Jesus dwelled within His followers by His spirit and by His Word, and by His Gospel message and His sacrifice, they could be made perfect in the sight of God.  They would act as one Christian unit following Christ so that the world would know Jesus had been sent by God to make disciples of men, and that God loved them.  Jesus provided atonement for people to be able to approach God and be in His presence and be loved by Him in the way that Jesus in His perfection could be in God's presence and loved by Him.  

(24) "Father, I want that they also whom You have given Me, be with Me where I am, that they may behold My glory which You have given Me, for You loved Me before the foundation of the world."

Jesus desired that His followers whom God had sent to Him to be made "perfect" by Jesus's sacrifice, be with Him in heaven, able to see Jesus as He truly is in all His glory.  Jesus, as God, always had that glory before the world was formed but His followers had only seen Jesus the man.  God would return Him to His glory in heaven and He desired that His followers be with Him there.

(25) "O righteous Father, the world has not known You, but I have known You, and these have known that You have sent Me. (26) And I have declared to them Your name and will declare, that the love with which You have loved Me may be in them, and I in them."
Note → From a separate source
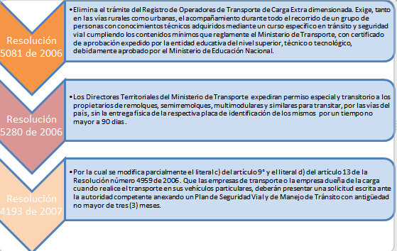 En esta se fijan las normas para conceder los permisos para el transporte de carga indivisible extrapesada y extradimencionada y las especificaciones de los vehiculos destinados a esta clase de transporte.
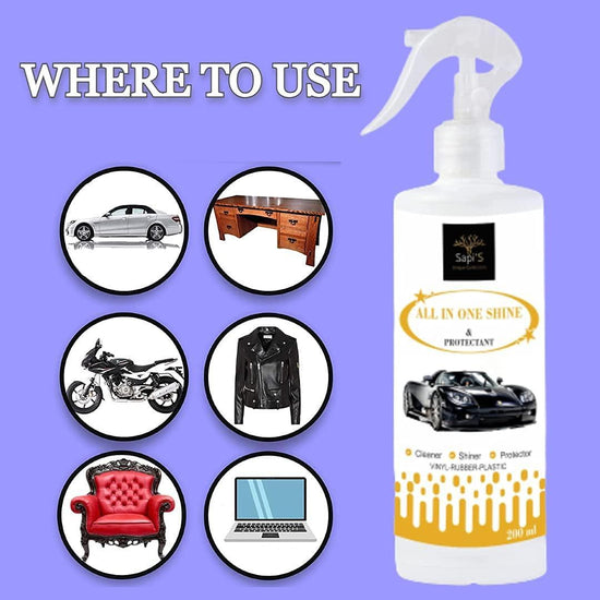 Product Name: Sapi'S All in One Shine & Protectant Liquid Body Polish to Shine and Protect Vinyl, Rubber and Plastic - 200 ml Car/Bike Care/Car Accessories/Automotive Products, Suitable for All Surfaces

Jesus lamented that the world had not known the Father, but of course He knew Him intimately, and He had taught His followers by His words and His actions the nature of God, and He would continue to guide them by the Spirit of truth, that they might be united to God and loved by Him because of an indwelling Savior.

Jesus's beautiful prayer in this chapter is a perfect model for our prayers.  He shows the utmost reverence for God and the tenderest love for man.  I can't help but contrast it to the prayers of the name it and claim it Word of Faith bunch who belligerently declare that they know God's will and demand it.  The only one who ever truly knew God's will was Jesus, and see how humbly He prayed with great respect and reverence.  It's true that Jesus made a way for us to be able to approach God, but we should always remember how holy and almighty and perfect He is, and what an unbelievable and undeserving gift it is that we even be allowed to ask of Him.  But God so loved the world that He gave us Jesus so that we could commune with Him again.